[REQUIRED WORK] Set down all of the data exactly. Pictures stay out of the copy.

---

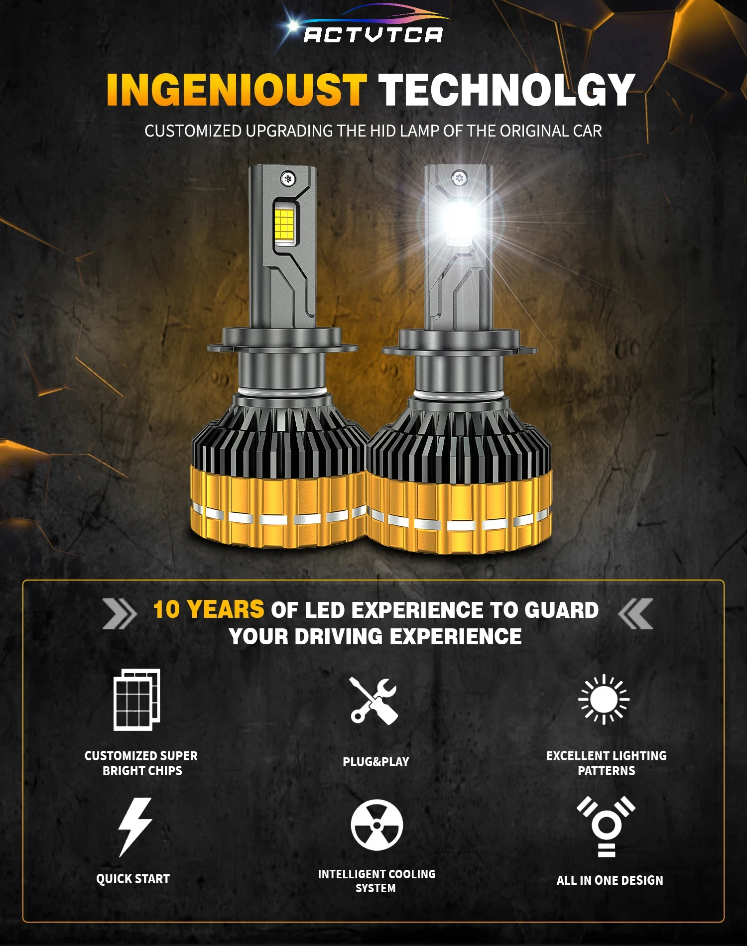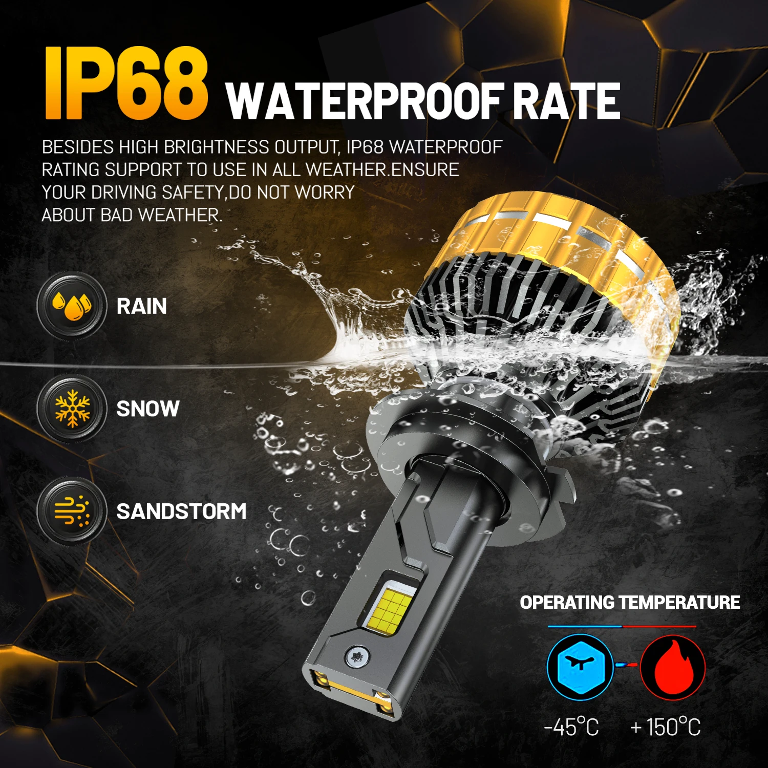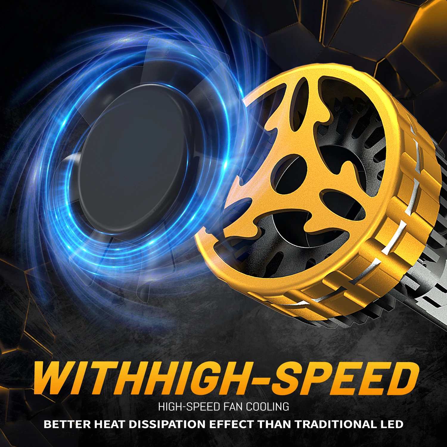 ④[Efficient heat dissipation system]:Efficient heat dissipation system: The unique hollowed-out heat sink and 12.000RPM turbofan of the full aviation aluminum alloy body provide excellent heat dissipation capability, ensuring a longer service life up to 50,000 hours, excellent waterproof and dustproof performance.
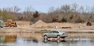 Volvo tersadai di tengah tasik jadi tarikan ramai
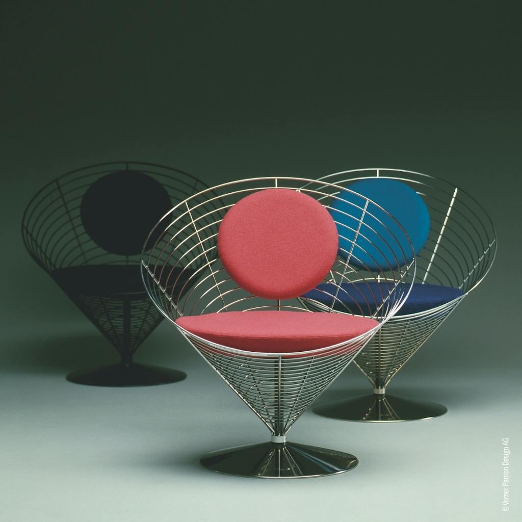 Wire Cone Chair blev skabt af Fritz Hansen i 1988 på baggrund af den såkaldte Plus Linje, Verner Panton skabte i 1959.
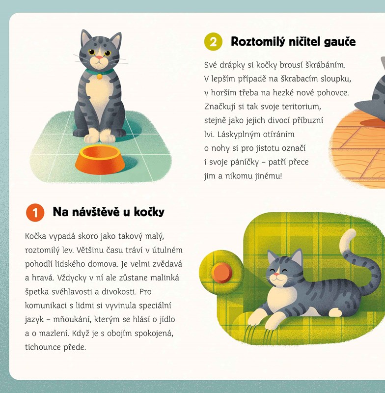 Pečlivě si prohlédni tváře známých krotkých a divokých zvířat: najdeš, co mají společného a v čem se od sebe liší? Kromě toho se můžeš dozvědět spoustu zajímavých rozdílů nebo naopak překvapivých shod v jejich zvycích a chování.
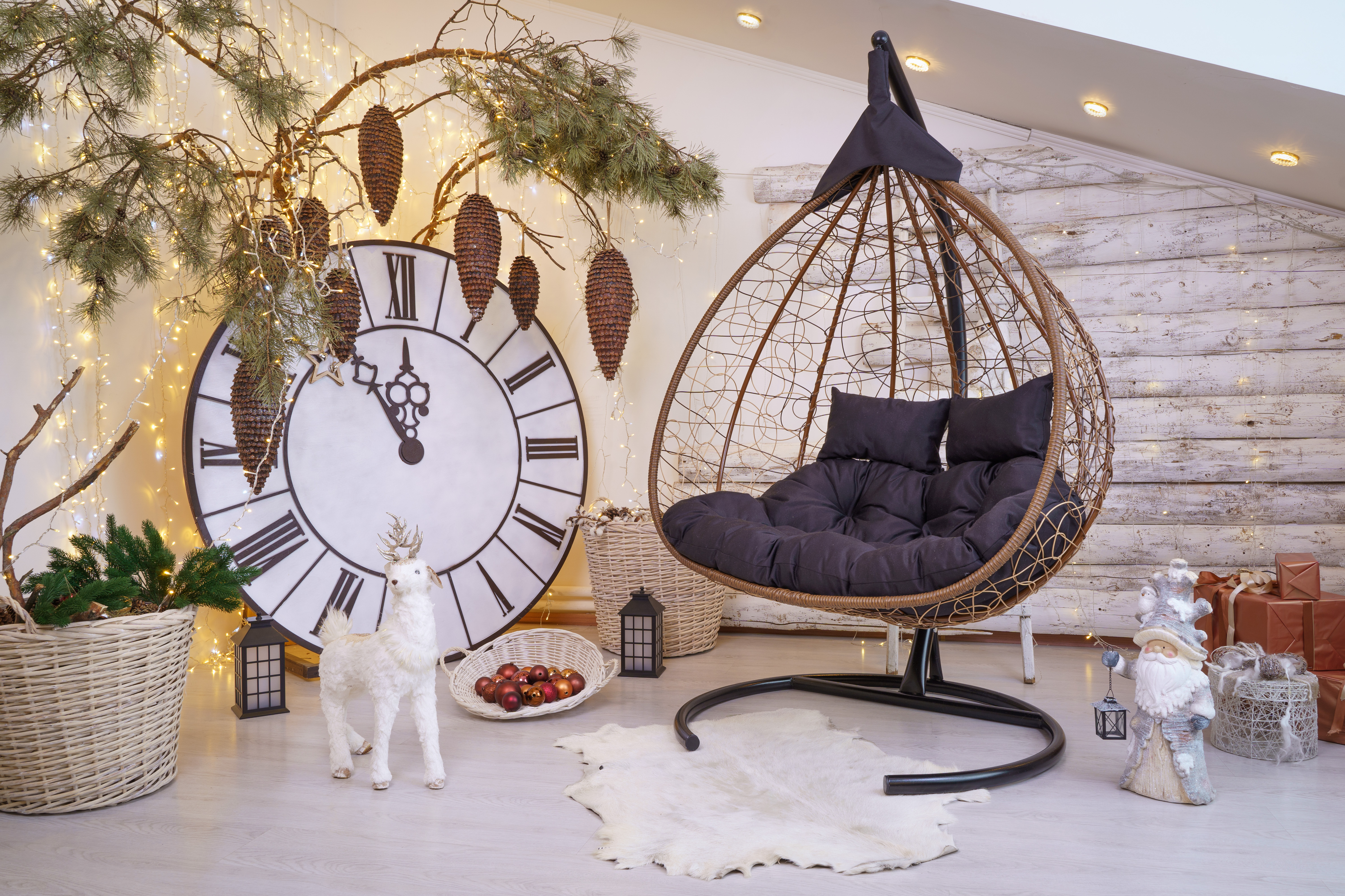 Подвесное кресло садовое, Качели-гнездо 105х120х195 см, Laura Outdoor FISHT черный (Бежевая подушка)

---

[FINISHED TASK]
 ④[Efficient heat dissipation system]:Efficient heat dissipation system: The unique hollowed-out heat sink and 12.000RPM turbofan of the full aviation aluminum alloy body provide excellent heat dissipation capability, ensuring a longer service life up to 50,000 hours, excellent waterproof and dustproof performance.
 Volvo tersadai di tengah tasik jadi tarikan ramai
 Wire Cone Chair blev skabt af Fritz Hansen i 1988 på baggrund af den såkaldte Plus Linje, Verner Panton skabte i 1959.
 Pečlivě si prohlédni tváře známých krotkých a divokých zvířat: najdeš, co mají společného a v čem se od sebe liší? Kromě toho se můžeš dozvědět spoustu zajímavých rozdílů nebo naopak překvapivých shod v jejich zvycích a chování.
 Подвесное кресло садовое, Качели-гнездо 105х120х195 см, Laura Outdoor FISHT черный (Бежевая подушка)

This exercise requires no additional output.